“Kendini kıyıya vuran dalga sanma; belki de fırtına henüz dinmedi.”
Hayat, çoğu zaman bize hep ortasında yaşanması gereken bir düzlem gibi sunulur.
Başarı, kalabalıklar, alkışlar, hız…
Oysa insan, bazen kıyıya çekilmek ister.
Sessizliğe. Sakinliğe. Anlamaya…
Kıyıya Çekilmek Kaçmak mı?
Hayır. Kıyıya çekilmek bazen bir direniştir. “Dur!” diyebilmektir.
Her şeyin ortasında olma baskısından uzaklaşıp kendi sesini duyabilmektir.

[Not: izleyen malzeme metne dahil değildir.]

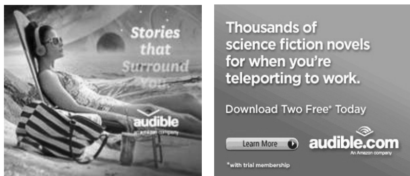
Рис. 2. Банери крамниці аудіокниг Audible. Написи на банерах зліва направо: «Історії, що вас оточують», «Тисячі творів наукової фантастики, щоб слухати під час телепортації на роботу. Завантажте сьогодні два безкоштовно»

Текстові елементи банерів Audible розповідають про такі особливості: прослуховування аудіокниги перебігає в двох реальностях одночасно — у реальному часі, що лунає в процесі читання, і в уявному часі, що існує у віртуальній реальності аудіокниги. При цьому «перебування» у віртуальній реальності аудіокниги часто суміщається з іншими діями — прибиранням, заняттями спортом, оскільки переводити зір та змінювати розташування у просторі можна незалежно від прослуховування. Пропозиція отримати будь-яку з аудіокниг безкоштовно сигналізує, що форма аудіокниги дозволяє тиражування та пересилку без витрат для крамниці або видавця. Це — цифровий завантажуваний файл. «Завантажуваний» значить такий, що не потребує матеріального носія, може бути завантажений з Інтернету.

Toplum bize hep “koş” derken, kıyıdaki insan “düşün” diyendir.
Kıyıda Kimler Vardır?
Kıyıda olanlar; çok konuşan değil, çok dinleyenlerdir.
Herkesin ‘ne kadar kazandın?’ diye sorduğu dünyada, ‘ne kaybettin?’ diye soranlardır.
Belki bir öğretmen, bir şair, bir çiftçi, bir derviş…
Kıyıdan Bakınca Ne Görünür?
Daha net, daha sade bir hayat.
Daha gerçek. Kalbin sesi daha yüksek çıkar.
Kıyıya vuran her dalga bir hatırayı getirir insana.
Ve belki de en çok orada kendinle barışırsın.
“Kıyıda olmak yalnızlık değil, bazen en büyük buluşmadır: Kendinle.”